Collaborating with Everyone
As a passionate advocate for working out loud, many people may assume that I would encourage collaborating with everyone. I don’t because you can’t collaborate with everyone and it is generally counterproductive.
Research has consistently shown the value of psychological safety in high value collaboration. We just aren’t safe if the network universe must be everyone. This is a key reason why I stress that working out loud is ‘Sharing work in progress with a relevant audience’ (emphasis added).
Relevance is also a key element for the ability for a collaboration opportunity to find someone who can help or learn from that message. Messages in bottles send out into large expansive networks often struggle to find relevant partners and responses without the support of community manager and other champions to guide them to relevant parties. Smaller groups closer to a team or a clan scale are much more useful launching pads. People can assume that a message sent to everyone is not relevant to them. It gets less attention in the fast flow of broadcast communication.
Another key reason is that much of the focus on ‘collaborating with everyone’ is really about communication, not collaboration. There are real human differences between chatting, communicating messages, having a conversation and getting down to the task of working together. If you are focused on broadcast communications then you can target everyone but expect to get the usual low engagement that you see on any other broadcast communication channel. Forcing broadcast messages into the streams of people busy doing work is not a solution. It is counterproductive because it either disrupts the flow of employee’s work, they miss the messages or they disengage from the communication channel. Worse establishing that broadcast is the leaderships’ preferred mode of engagement encourages others to model that behaviour too. Collaboration is far more effective when people check egos and listen.

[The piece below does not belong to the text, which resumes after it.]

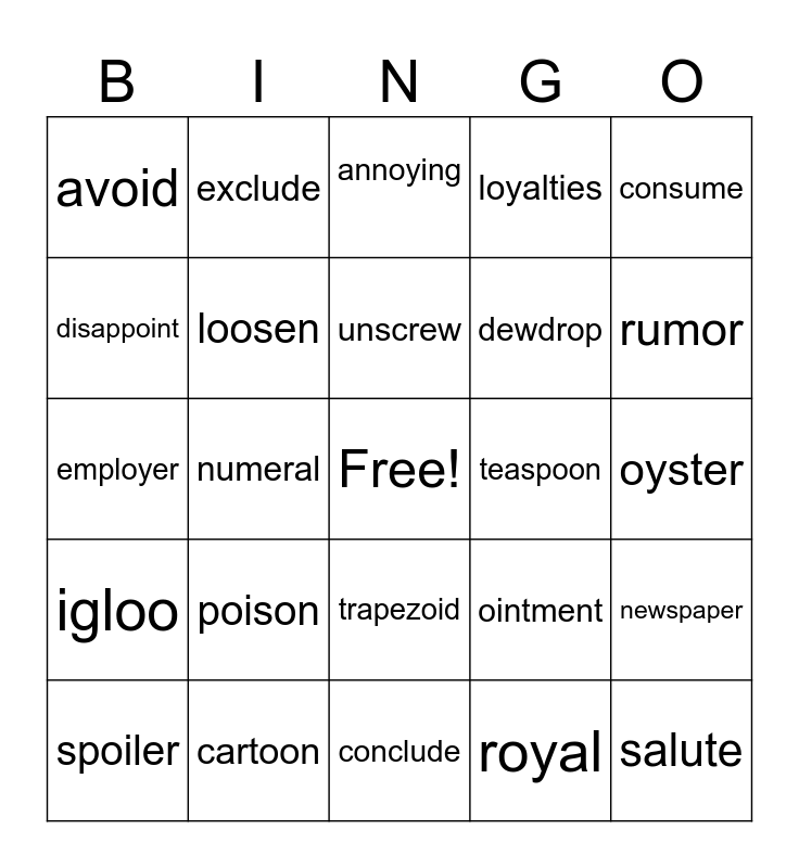 This bingo card has a free space and 27 words: ointment, substitute, dewdrop, conclude, disappoint, annoying, exclude, igloo, teaspoon, newspaper, employer, loyalties, spoiler, cartoon, rumor, homeroom, loosen, unscrew, poison, avoid, oyster, royal, numeral, salute, trapezoid, consume and renew.

If the digital era has taught us anything, it should be that perfection is overrated and learning and adaptation is a far better approach to work. We don’t need 100% adoption of a tool. We need the adoption of the collaborative work that will help realise our business goals. We don’t need collaboration with everyone. We need collaboration of the specific groups and teams that will realise our desired forms of new business value. Collaborative teams learn by doing and learn from the role modelling of others. If the strategy is not clear now, then the work of the community will be to learn and adapt their way to fulfilling these objectives.